Le passage obligé par l'EDB et le notaire indépendant

Deux garde-fous que la loi mauricienne t'impose, et tant mieux. Sers-t'en.

Tout achat par un étranger passe obligatoirement par l'Economic Development Board (EDB). C'est l'organisme qui autorise l'acquisition par un non-résident dans les régimes prévus. Aucun promoteur, aucune agence ne peut te vendre en te faisant sauter cette étape. Si on te propose un montage « pour contourner l'EDB » ou « plus simple sans passer par eux », lève-toi et pars. À éviter absolument.

Ensuite, le notaire. À Maurice, la vente doit être reçue par un notaire, officier public, qui vérifie le titre de propriété, rédige l'acte et l'enregistre auprès du Registrar General — l'acte étant enregistré sous 7 jours selon les sources notariales locales. Le point crucial que je martèle à tous mes potes qui achètent : prends TON notaire, indépendant, pas « l'ami » du promoteur ou du vendeur. Rien ne t'oblige à utiliser celui qu'on te met dans les pattes. Un notaire qui défend tes intérêts vérifie les servitudes, les hypothèques éventuelles, la conformité du permis, et te lit vraiment l'acte au lieu de te faire signer en vitesse. Ça coûte à peu près pareil et ça change tout.

Les questions pièges à poser avant de signer la réservation

La réservation, c'est le moment où tu lâches un premier chèque et où le rêve devient contrat. Avant de signer, balance ces questions. Elles font suer un mauvais commercial et détendent un bon.

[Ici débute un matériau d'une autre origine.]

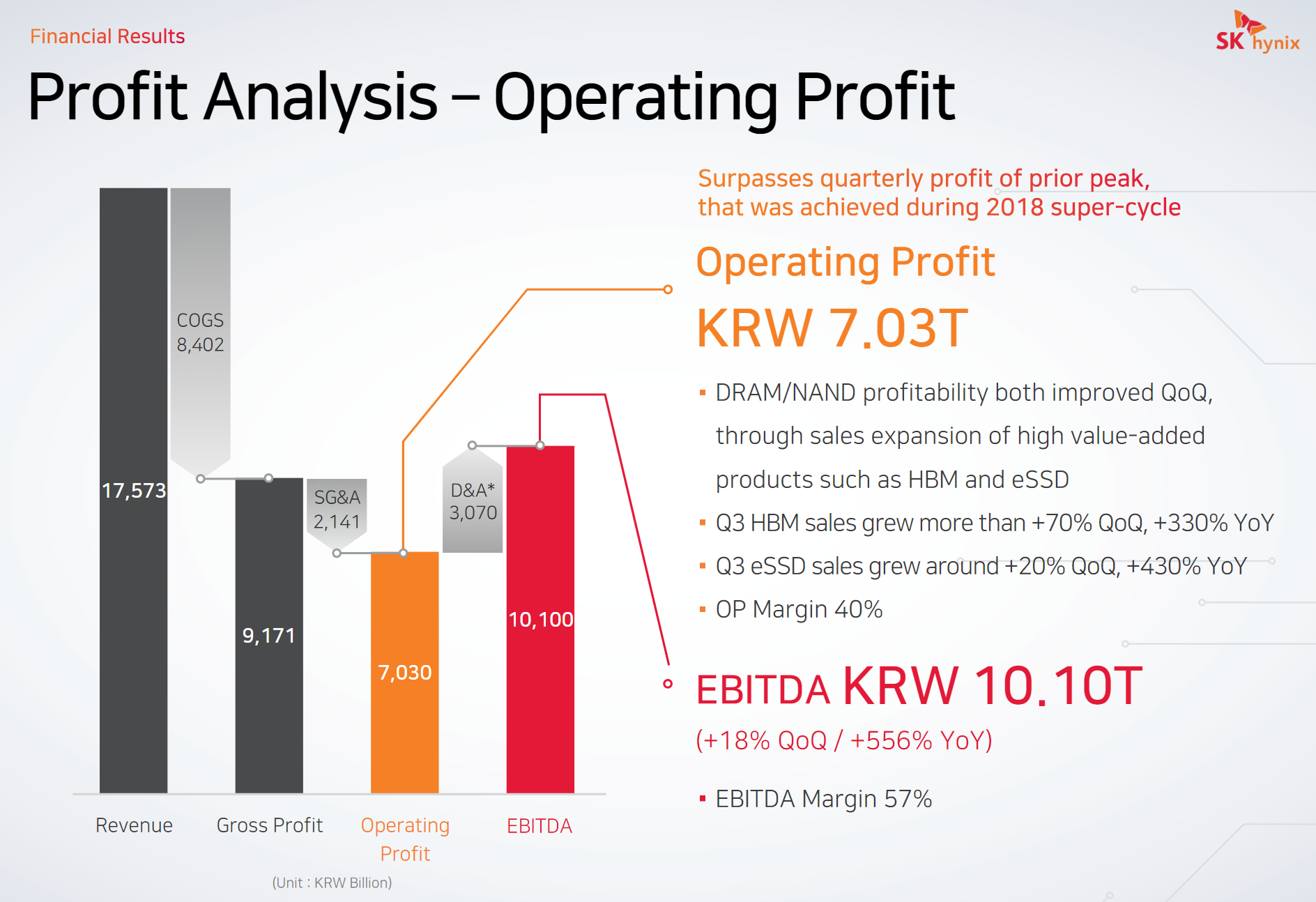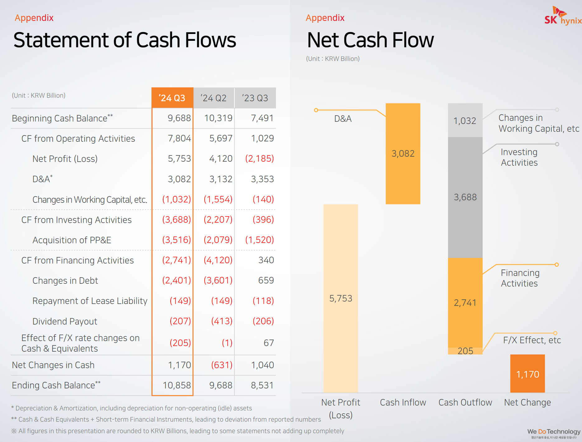 - SK 하이닉스는 감가상각비가 포함된 수익성에서도 이처럼 큰 폭의 성장을 기록하며, 전반적인 비용 구조가 개선된 상태임을 보여줍니다.

  • « Vous me donnez trois adresses de programmes que vous avez livrés, que j'aille les voir ? » Un pro dit oui direct.
  • « Quels sont TOUS les frais, droits d'enregistrement, TVA, agence, notaire, raccordements, compris, en euros et en roupies ? » S'il élude un poste, insiste.
  • « Quel est le budget prévisionnel du syndic, et qui le gère ? » Le flou ici est un signal.
  • « Que se passe-t-il si le chantier prend six mois de retard : quelles pénalités, quelle garantie d'achèvement ? » Fais mettre la réponse par écrit.
  • « Puis-je faire relire le contrat de réservation par mon propre notaire avant de signer ? » Un « non » ou un « c'est urgent, d'autres sont sur le coup » = pression commerciale classique. À éviter.
  • « Le dossier EDB, vous le montez comment, et sous quels délais ? » Un acteur sérieux maîtrise la procédure sur le bout des doigts.

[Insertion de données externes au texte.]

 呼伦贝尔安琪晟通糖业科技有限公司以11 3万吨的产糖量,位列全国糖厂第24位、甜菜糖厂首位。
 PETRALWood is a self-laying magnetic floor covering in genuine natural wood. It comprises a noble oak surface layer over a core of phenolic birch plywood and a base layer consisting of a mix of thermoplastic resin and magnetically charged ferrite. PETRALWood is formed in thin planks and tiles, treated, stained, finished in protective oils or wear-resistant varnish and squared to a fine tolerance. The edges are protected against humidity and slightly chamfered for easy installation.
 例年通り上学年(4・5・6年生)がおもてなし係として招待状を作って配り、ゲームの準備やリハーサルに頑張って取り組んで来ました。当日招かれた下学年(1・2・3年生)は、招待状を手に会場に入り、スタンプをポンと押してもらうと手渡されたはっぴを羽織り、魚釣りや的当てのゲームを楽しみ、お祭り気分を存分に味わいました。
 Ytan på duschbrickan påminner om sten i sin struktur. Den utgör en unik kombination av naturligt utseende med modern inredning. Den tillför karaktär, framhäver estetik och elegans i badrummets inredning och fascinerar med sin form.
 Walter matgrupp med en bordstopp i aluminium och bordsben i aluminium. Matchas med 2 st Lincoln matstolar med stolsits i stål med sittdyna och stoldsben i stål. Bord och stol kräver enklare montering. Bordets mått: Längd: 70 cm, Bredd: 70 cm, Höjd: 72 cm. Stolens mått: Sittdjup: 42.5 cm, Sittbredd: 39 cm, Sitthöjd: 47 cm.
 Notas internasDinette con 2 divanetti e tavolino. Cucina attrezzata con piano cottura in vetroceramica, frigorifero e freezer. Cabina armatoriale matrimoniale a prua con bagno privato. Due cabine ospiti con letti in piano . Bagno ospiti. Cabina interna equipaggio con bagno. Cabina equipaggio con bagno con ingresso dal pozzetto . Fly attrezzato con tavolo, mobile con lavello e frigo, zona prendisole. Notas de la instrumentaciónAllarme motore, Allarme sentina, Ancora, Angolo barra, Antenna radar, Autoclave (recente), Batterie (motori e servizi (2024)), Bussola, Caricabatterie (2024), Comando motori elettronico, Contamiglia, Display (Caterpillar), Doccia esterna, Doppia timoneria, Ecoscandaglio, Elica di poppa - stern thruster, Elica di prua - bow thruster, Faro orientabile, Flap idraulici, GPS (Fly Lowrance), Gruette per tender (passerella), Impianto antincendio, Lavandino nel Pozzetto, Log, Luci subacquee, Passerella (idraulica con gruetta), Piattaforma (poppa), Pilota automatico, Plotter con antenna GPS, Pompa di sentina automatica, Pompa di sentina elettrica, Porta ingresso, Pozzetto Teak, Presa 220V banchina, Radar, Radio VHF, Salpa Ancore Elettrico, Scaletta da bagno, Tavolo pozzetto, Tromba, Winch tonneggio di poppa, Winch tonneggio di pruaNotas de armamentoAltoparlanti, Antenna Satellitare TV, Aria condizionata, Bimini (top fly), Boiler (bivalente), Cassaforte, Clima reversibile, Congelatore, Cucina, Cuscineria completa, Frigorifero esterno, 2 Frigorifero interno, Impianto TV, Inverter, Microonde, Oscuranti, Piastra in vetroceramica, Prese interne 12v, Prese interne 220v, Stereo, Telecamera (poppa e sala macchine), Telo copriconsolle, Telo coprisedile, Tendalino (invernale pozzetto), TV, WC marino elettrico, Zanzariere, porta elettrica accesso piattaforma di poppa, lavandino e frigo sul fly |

Et un mot pour te rassurer côté logistique de repérage : tu n'as pas besoin de t'expatrier pour prospecter tranquillement. Les ressortissants français et de l'UE entrent à Maurice sans visa, pour un séjour allant jusqu'à 6 mois (180 jours) par année civile, atterrissage à l'aéroport de Plaisance (MRU). De quoi venir plusieurs fois, visiter des programmes livrés, rencontrer des copropriétaires et prendre ton temps avant de sortir le carnet de chèques.

Ma conclusion de passeur

Le marché immobilier mauricien n'est pas un traquenard, mais c'est un marché où le vernis marketing est épais. La bonne nouvelle, c'est que les vrais garde-fous existent — EDB obligatoire, notaire, acte enregistré — et qu'ils sont de ton côté. Le reste, c'est de la discipline : vérifier les livraisons réelles, exiger la transparence totale sur les frais, prendre ton propre notaire, et poser les questions qui grattent. Fais suer le commercial avant de signer, plutôt que de suer toi-même après. Un bon promoteur, une bonne agence, ça résiste à ces questions sans broncher. Les autres, tu les auras démasqués avant le premier chèque. Et ça, crois-moi, c'est la meilleure vue que tu puisses t'offrir sur l'île.